A diretora do IBRACOR apontou ainda como outro destaque da nova Lei a possibilidade de divulgação da relação dos registros dos corretores de seguros devidamente habilitados pelos Sindicatos da categoria e pela FENACOR, mediante a disponibilização de informações advindas das entidades responsáveis pelo registro destes profissionais. “Em sendo os corretores de seguros capacitados para atendimento aos consumidores e para defesa de seus interesses perante as seguradoras, torna-se necessário maximizar a forma de garantia da conferência da regularidade do registro, idoneidade e capacitação técnica destes profissionais”, argumentou.
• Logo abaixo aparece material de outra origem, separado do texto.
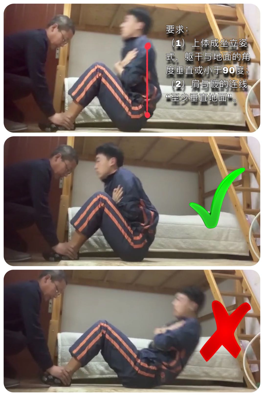 2.上体坐起:以腹部主动发力带动上体坐起。要求:上体成坐立姿势,躯干与地面的角度垂直或小于90度(肩与髋的连线“至少垂直地面”),双脚要始终与地面相接触。(比赛全程期间禁止双手抱头,以免在比赛时因用力过度而拉伤颈部肌肉)。如图2

Priscila Figueiredo observou também que a modernização do marco legal dos corretores de seguros contribuirá na sua inserção na economia digital, porém, mantidas as suas características de atendimento presencial e de relacionamento de confiança com os segurados, que podem ser “melhor compreendidas no âmbito da autorregulação a partir de suas atribuições consagradas na Lei 14.430/22, especialmente da função social de assistência ao segurado e seus beneficiários desde a identificação dos riscos até a liquidação de sinistros”.
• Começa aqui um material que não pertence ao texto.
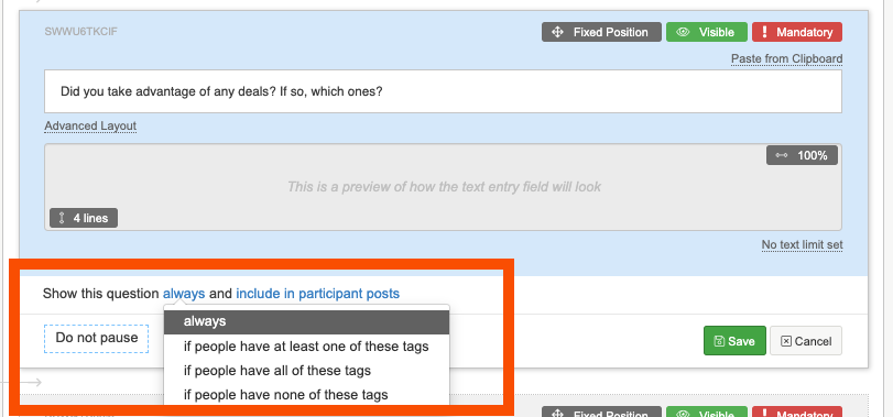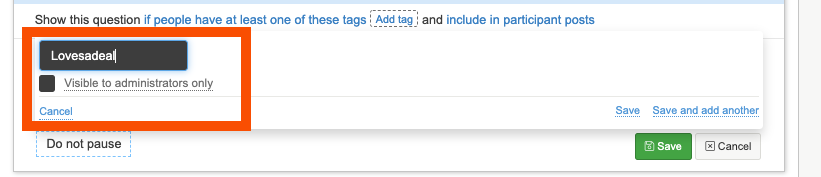 3. Select save to add the tag to the question. N.B you will need to make sure that the participants are tagged with same tag so the question is shown to them

Por fim, a advogada lembrou que, ao editar a MP 1103/22, o Poder Executivo Federal fundamentou a urgência e a necessidade do ato para simplificar operações de riscos, trazendo recursos do mercado de capitais para o mercado de seguros e, por outro lado, a existência de novos ativos de investimentos disponíveis no mercado não atrelados ao ciclo econômico. “Além de novas competências atribuídas ao CNSP e à Susep no âmbito da regulamentação e supervisão destas entidades, nasceu também a necessidade de interação contínua entre o CNSP, a SUSEP, o Conselho Monetário Nacional e a Comissão de Valores Mobiliários para que, cada umas das instituições, dentro de suas respectivas competências, disponha sobre as operações das SSPEs e sobre os tipos de riscos passíveis de aceitação por meio das letras de risco de seguros”, pontuou, ressalvando ainda que, somando-se a todo o rol de competências e responsabilidade que o CNSP e a Susep já possuem, a lei sancionada “exige uma interação e atuação multidisciplinar no âmbito das SSPEs, demandando ainda mais atenção da entidade fiscalizadora para garantir a segurança e a liquidez do mercado”.